Do the exercise in the following order. Rock back and forth, being careful not to strain the buttock of the supporting leg. As you inhale move your pelvis forward, while lifting your arms up over your head. Completely straighten the hip joint of the left supporting leg.

In the starting position right knee is diagonally at 45 degrees. Arms are stretched vertically upwards above head. As you inhale move the pelvis to the right, while bending to the left side.

Move strictly in one plane, as if you are between two walls.

Initial position is right knee turned to the right at 90 degrees. Move pelvis to the right and return to starting position.

In the starting position right knee turned to the right at 90°, arms stretched out diagonally to the sides at chest level. As you inhale move your pelvis to the right, moving your arms to the left. As you exhale return to the starting position, taking the arms to the right.

In the starting position the right knee is to the front. Right arm stretched up.
Bend forward, palm down on the floor with your left hand next to your right foot. Looking upwards towards the right palm. You exhale return to the starting position.

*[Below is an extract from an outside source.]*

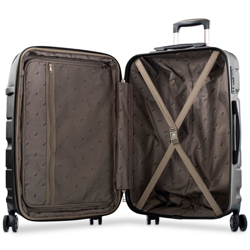 Чемодан оснащен четырьмя полноповоротными колесами системы Spinner с возможностью независимого разворота каждого колеса на 360 °. Системой предусмотрено равномерное перераспределение нагрузки на каждое колесо, что в свою очередь способствует плавному качению и маневренности чемодана, прилагая при этом минимум усилий.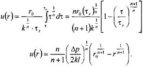 Тогда распределение скоростей в сечение потока будет соответствовать следующей зависимости:

In the starting position, right knee is pointing straight ahead. As you inhale, bend forward, placing left palm on the floor next to right foot and pulling right hand up. Look up at the right palm. As you exhale straighten, turn to the left and pull your arms out to the sides parallel to the floor.
Breathe through your nose. Move in a comfortable amplitude.
Repeat the exercise on the other side.